**The task**:
Once you find the line with "Guess markalı, fermuarlı", transcribe it and all the lines that follow to the end of the data, exactly as written; skip any pictures.

**Data to examine**:
###
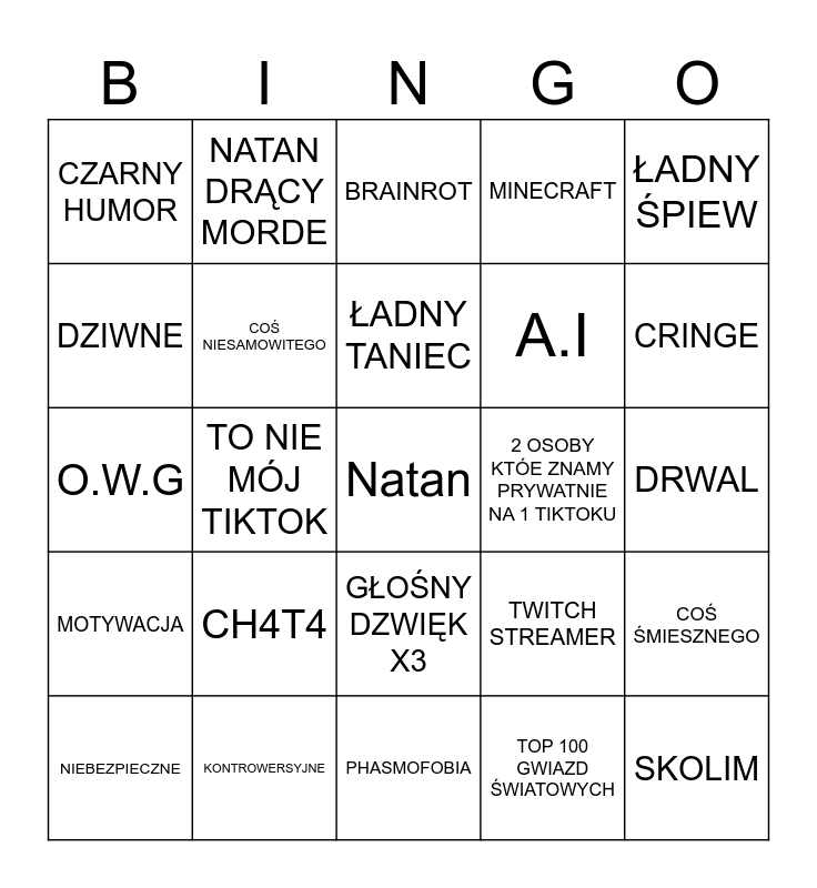 This bingo card has a free space and 24 words: CH4T4, KONTROWERSYJNE, ŁADNY TANIEC, NIEBEZPIECZNE, ŁADNY ŚPIEW, CZARNY HUMOR, DZIWNE, NATAN DRĄCY MORDE, 2 OSOBY KTÓE ZNAMY PRYWATNIE NA 1 TIKTOKU, GŁOŚNY DZWIĘK X3, A.I, O.W.G, TWITCH STREAMER, COŚ ŚMIESZNEGO, COŚ NIESAMOWITEGO, TOP 100 GWIAZD ŚWIATOWYCH, DRWAL, BRAINROT, CRINGE, TO NIE MÓJ TIKTOK, SKOLIM, MOTYWACJA, MINECRAFT and PHASMOFOBIA.
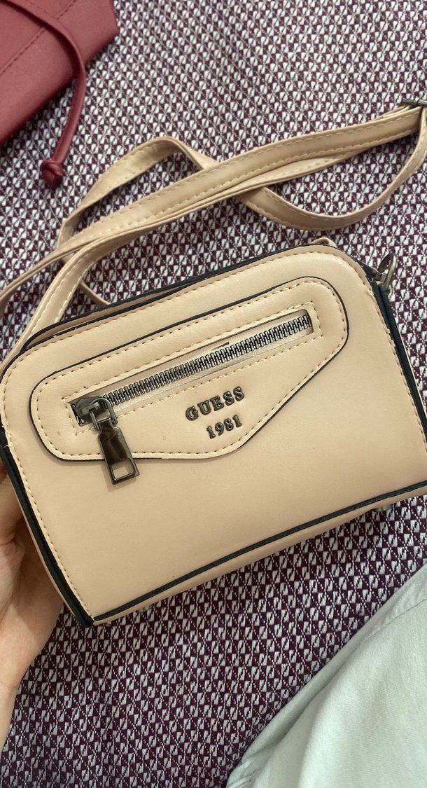 Guess markalı, fermuarlı ön cepli bej deri kadın omuz çantası. Paris tarzı, baskılı ve sokak modasına uygun günlük kullanıma ideal.
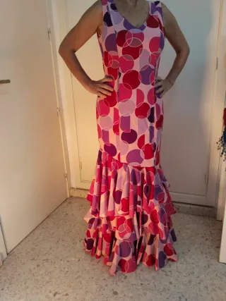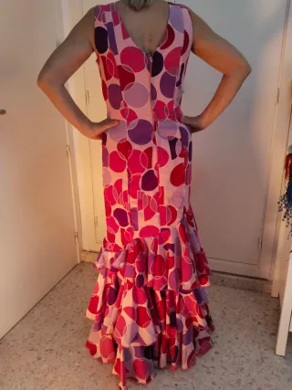 Traje de flamenca con un diseño alegre y vibrante, perfecto para ferias y celebraciones. - Estampado de círculos en tonos rosas y morados. - Múltiples volantes en la falda para un movimiento espectacular. - Diseño sin mangas. - Hecho por modista.
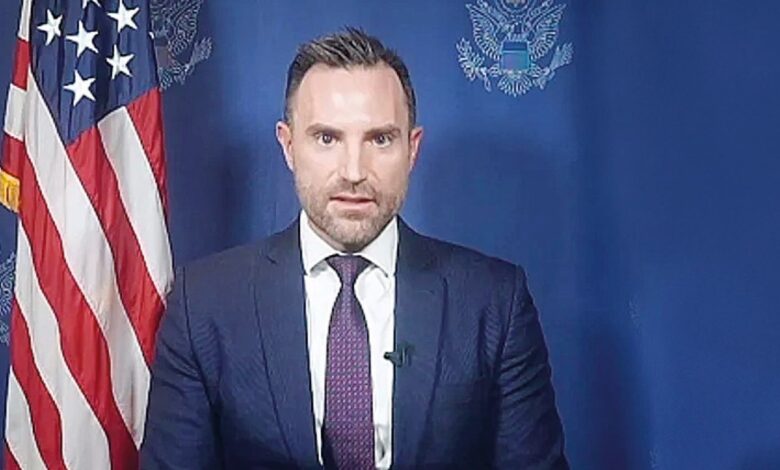 وحول موقف الإدارة الأمريكية من الخطوات الأوروبية المتزايدة للاعتراف بدولة فلسطين وعما إذا كانت هناك نية لإعادة تقييم الموقف الأمريكي من الاعتراف بدولة فلسطين في ضوء المستجدات الدولية والإقليمية، قال: موقفنا واضح وثابت، الاعترافات الأوروبية بدولة فلسطينية خطوات أحادية ورمزية لا تغيّر الحقائق على الأرض ولا تُنهي الحرب، وهذه الخطوات قد تعكس اعتبارات سياسية داخلية في بعض الدول، لكنها لا تُسهم في معالجة جذور الأزمة.
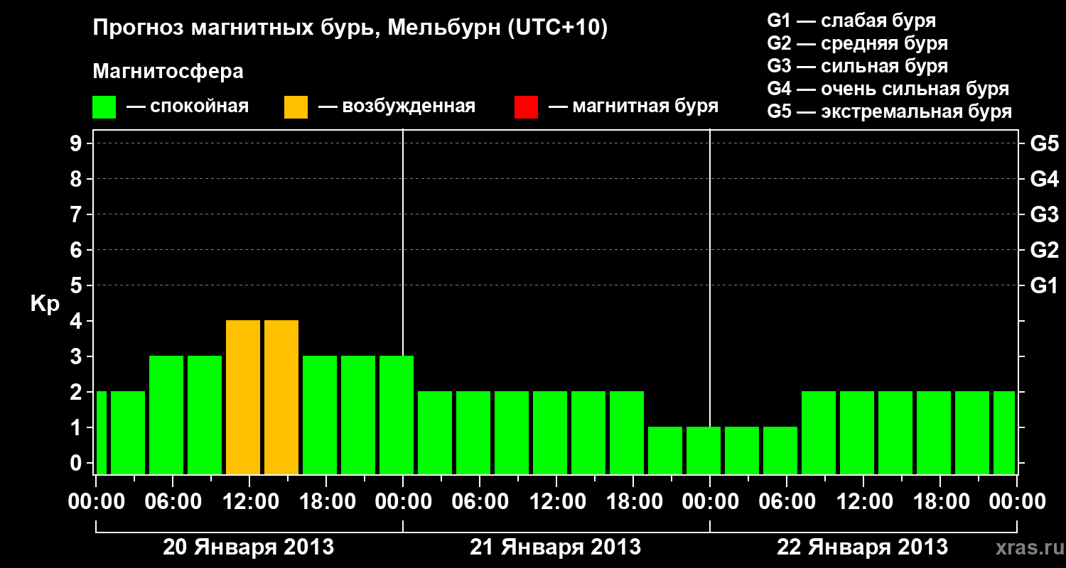 Прогноз магнитных бурь в Мельбурне — 20 января 2013 года
###
**Your response**:
 Guess markalı, fermuarlı ön cepli bej deri kadın omuz çantası. Paris tarzı, baskılı ve sokak modasına uygun günlük kullanıma ideal.
 Traje de flamenca con un diseño alegre y vibrante, perfecto para ferias y celebraciones. - Estampado de círculos en tonos rosas y morados. - Múltiples volantes en la falda para un movimiento espectacular. - Diseño sin mangas. - Hecho por modista.
 وحول موقف الإدارة الأمريكية من الخطوات الأوروبية المتزايدة للاعتراف بدولة فلسطين وعما إذا كانت هناك نية لإعادة تقييم الموقف الأمريكي من الاعتراف بدولة فلسطين في ضوء المستجدات الدولية والإقليمية، قال: موقفنا واضح وثابت، الاعترافات الأوروبية بدولة فلسطينية خطوات أحادية ورمزية لا تغيّر الحقائق على الأرض ولا تُنهي الحرب، وهذه الخطوات قد تعكس اعتبارات سياسية داخلية في بعض الدول، لكنها لا تُسهم في معالجة جذور الأزمة.
 Прогноз магнитных бурь в Мельбурне — 20 января 2013 года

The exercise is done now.